Data extracts:
=== Begin Enclosure ===

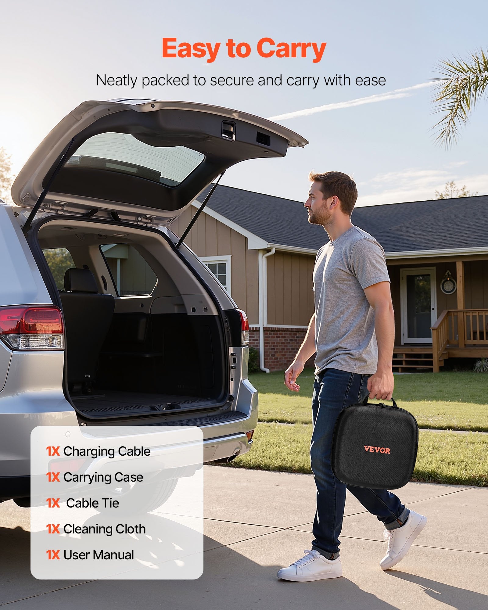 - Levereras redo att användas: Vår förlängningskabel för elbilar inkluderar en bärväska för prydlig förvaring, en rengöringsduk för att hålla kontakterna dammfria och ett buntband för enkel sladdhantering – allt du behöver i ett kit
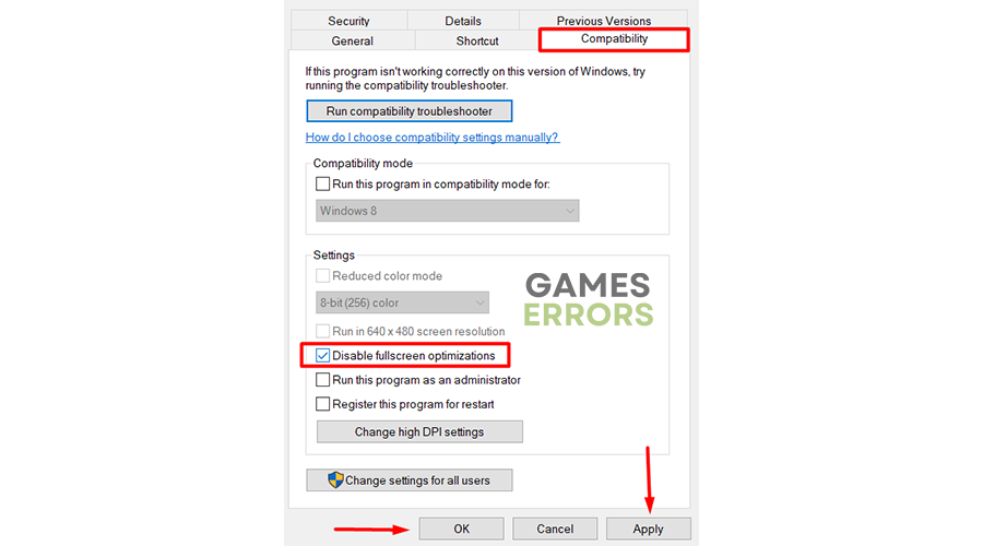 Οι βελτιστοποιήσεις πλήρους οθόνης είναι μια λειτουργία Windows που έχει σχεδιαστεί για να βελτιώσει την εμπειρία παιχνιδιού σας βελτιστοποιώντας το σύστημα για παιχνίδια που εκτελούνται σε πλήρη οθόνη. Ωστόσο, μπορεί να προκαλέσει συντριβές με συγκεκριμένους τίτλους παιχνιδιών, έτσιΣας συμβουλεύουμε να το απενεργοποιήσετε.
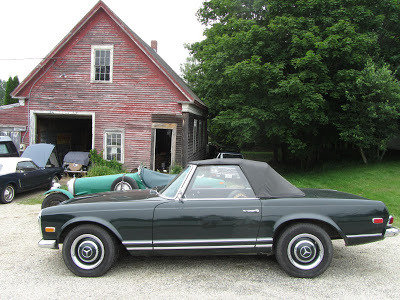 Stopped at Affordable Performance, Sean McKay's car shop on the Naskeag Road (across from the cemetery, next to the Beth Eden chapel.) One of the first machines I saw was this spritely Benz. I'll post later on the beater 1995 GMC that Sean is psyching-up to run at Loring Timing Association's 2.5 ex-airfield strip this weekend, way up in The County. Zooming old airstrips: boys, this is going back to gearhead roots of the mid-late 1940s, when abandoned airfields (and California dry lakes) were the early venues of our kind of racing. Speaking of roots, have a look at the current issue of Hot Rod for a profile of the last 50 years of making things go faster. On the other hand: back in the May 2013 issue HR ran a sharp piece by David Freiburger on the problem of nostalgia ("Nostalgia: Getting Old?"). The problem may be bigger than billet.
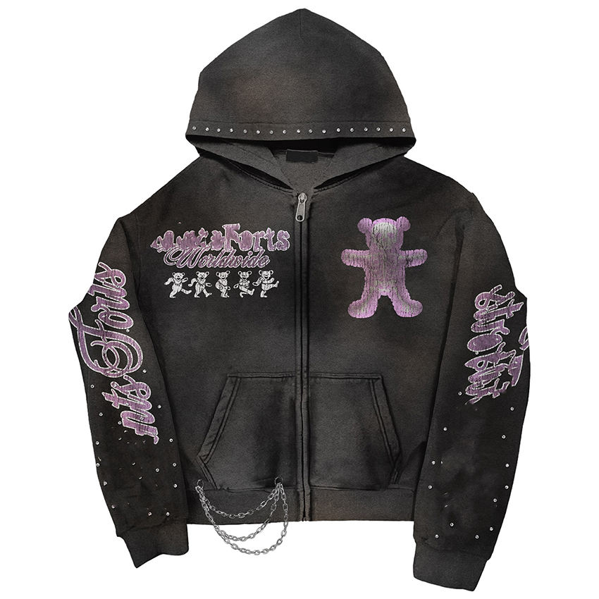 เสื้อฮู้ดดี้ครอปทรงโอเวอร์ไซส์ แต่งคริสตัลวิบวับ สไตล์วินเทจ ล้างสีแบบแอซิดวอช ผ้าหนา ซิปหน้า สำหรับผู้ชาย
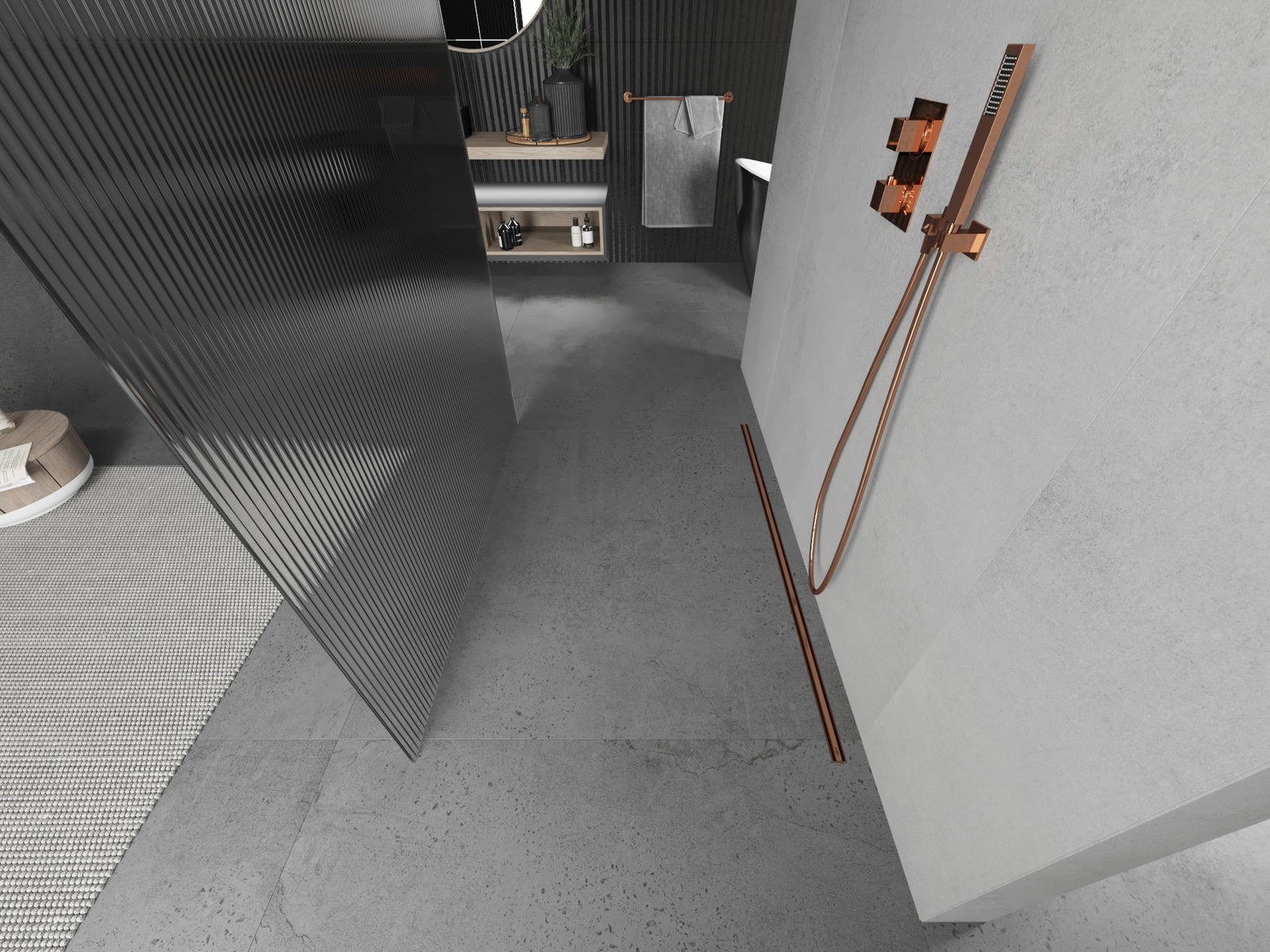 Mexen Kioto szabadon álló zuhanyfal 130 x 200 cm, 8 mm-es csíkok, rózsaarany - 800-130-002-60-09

=== End Enclosure ===

Task goal:
Without the pictures, return the entries exactly as they appear.

Result of the exercise:
 - Levereras redo att användas: Vår förlängningskabel för elbilar inkluderar en bärväska för prydlig förvaring, en rengöringsduk för att hålla kontakterna dammfria och ett buntband för enkel sladdhantering – allt du behöver i ett kit
 Οι βελτιστοποιήσεις πλήρους οθόνης είναι μια λειτουργία Windows που έχει σχεδιαστεί για να βελτιώσει την εμπειρία παιχνιδιού σας βελτιστοποιώντας το σύστημα για παιχνίδια που εκτελούνται σε πλήρη οθόνη. Ωστόσο, μπορεί να προκαλέσει συντριβές με συγκεκριμένους τίτλους παιχνιδιών, έτσιΣας συμβουλεύουμε να το απενεργοποιήσετε.
 Stopped at Affordable Performance, Sean McKay's car shop on the Naskeag Road (across from the cemetery, next to the Beth Eden chapel.) One of the first machines I saw was this spritely Benz. I'll post later on the beater 1995 GMC that Sean is psyching-up to run at Loring Timing Association's 2.5 ex-airfield strip this weekend, way up in The County. Zooming old airstrips: boys, this is going back to gearhead roots of the mid-late 1940s, when abandoned airfields (and California dry lakes) were the early venues of our kind of racing. Speaking of roots, have a look at the current issue of Hot Rod for a profile of the last 50 years of making things go faster. On the other hand: back in the May 2013 issue HR ran a sharp piece by David Freiburger on the problem of nostalgia ("Nostalgia: Getting Old?"). The problem may be bigger than billet.
 เสื้อฮู้ดดี้ครอปทรงโอเวอร์ไซส์ แต่งคริสตัลวิบวับ สไตล์วินเทจ ล้างสีแบบแอซิดวอช ผ้าหนา ซิปหน้า สำหรับผู้ชาย
 Mexen Kioto szabadon álló zuhanyfal 130 x 200 cm, 8 mm-es csíkok, rózsaarany - 800-130-002-60-09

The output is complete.